When planning an outing, follow a checklist to make sure you are fully prepared. If you have a problem on the water, you may not be able to swim to shore. Maintain the watercraft in good condition and be prepared before you leave the shore. Customize your list depending upon the type of watercraft and the activity you are planning.

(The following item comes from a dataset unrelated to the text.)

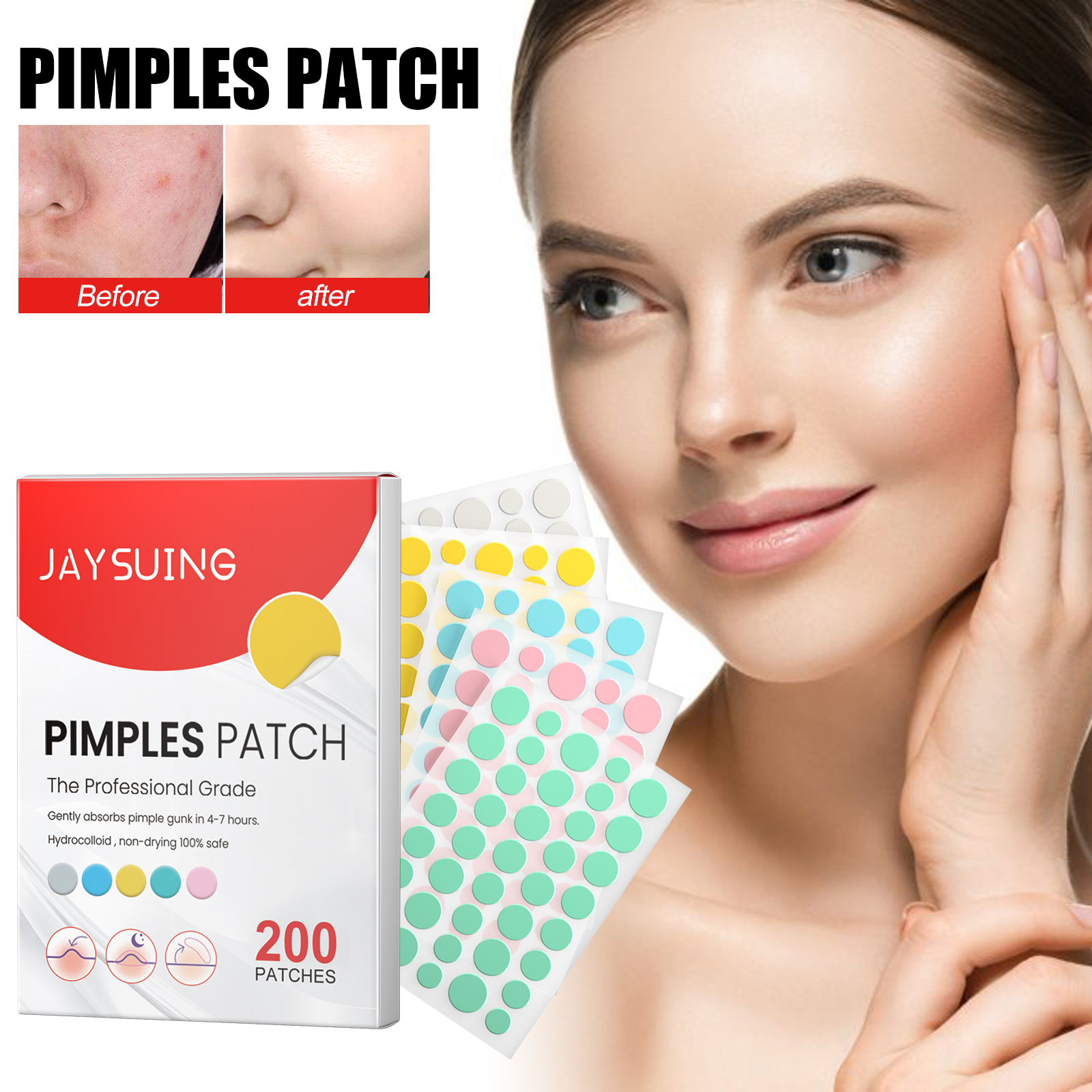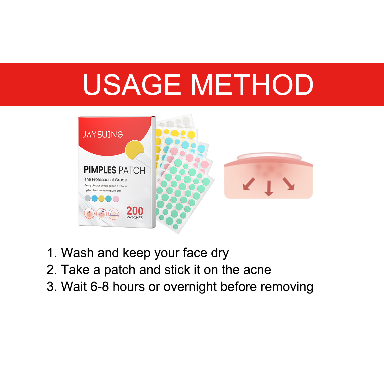 Our Pimples Patch contains hydrocolloid, tea tree oil, witch hazel extract. It can remove excess oil, clean pores, balance skin metabolism, remove the dead skin of the skin epidermis, remove acne and acne roots, adjust the balance of water and oil, reduce inflammation, disinfect and repair acne traces, fade red marks, reduce swelling, anti-sensitivity, restore girls' white and tender skin. The way to use it is very simple: dry your face, take a patch and apply it to the pimple, wait 6-8 hours or overnight before removing it. Protect damaged skin, promote acne, acne healing, help skin repair smooth.

Watercraft Pre-Ride Inspection

Check your watercraft before every outing to avoid the dangers of breaking down. Use your personal watercraft owner's manual for specific information

Equipment and  Things to check include

  • Steering -  Check for proper steering operation
  • Throttle- Make sure the throttle works freely and returns to the idle position when released
  • Jet jump cover- Check the jet jump cover and inlet grate for looseness
  • Ventilate engine compartment- Open the engine cover. Keep it open for several minutes to vent gasoline fumes
  • Fuel leaks- Check for fuel leaks and gasoline fumes from the tank, fuel lines, and carburetor
  • Oil leaks - Check for oil leaks
  • Hose connection- Be sure all hose connections and hose clamps are tight. Check hoses for cracks and deterioration, replace if necessary
  • Drain bilge- Drain water from the engine compartment. Be sure the bilge system is operating properly
  • Fuel level- Check the fuel tank level, refill if necessary, and turn the fuel valve to ON
  • Engine oil level- Check the oil level gauge and refill if necessary
  • Battery- Make sure the battery is full and fully charged, and check cable connections to ensure they are tight
  • Hull damage- Inspect the hull for damage
  • Engine cover (hood) - Check that the engine cover latches are secure
  • Fire extinguisher- Be sure you have a fully charged fire extinguisher
  • Stop button- Start the engine, run it for a few seconds, and then check that the engine stop button works
  • Lanyard switch- If your watercraft has a shut-off lanyard, or other device, make certain it's on board and working properly
  • Rider protection- Always wear a PFD and appropriate protective gear
  • Trailer- Check your trailer lights, wheel bearings, and tires. Secure your watercraft to the trailer and be sure the engine hood and all latches are secure

Rider Gear

Riding a personal watercraft is a "wet" sport. You should expect to get wet and even end up overboard at times. Some items are a must. Others you may want to consider for an enjoyable outing.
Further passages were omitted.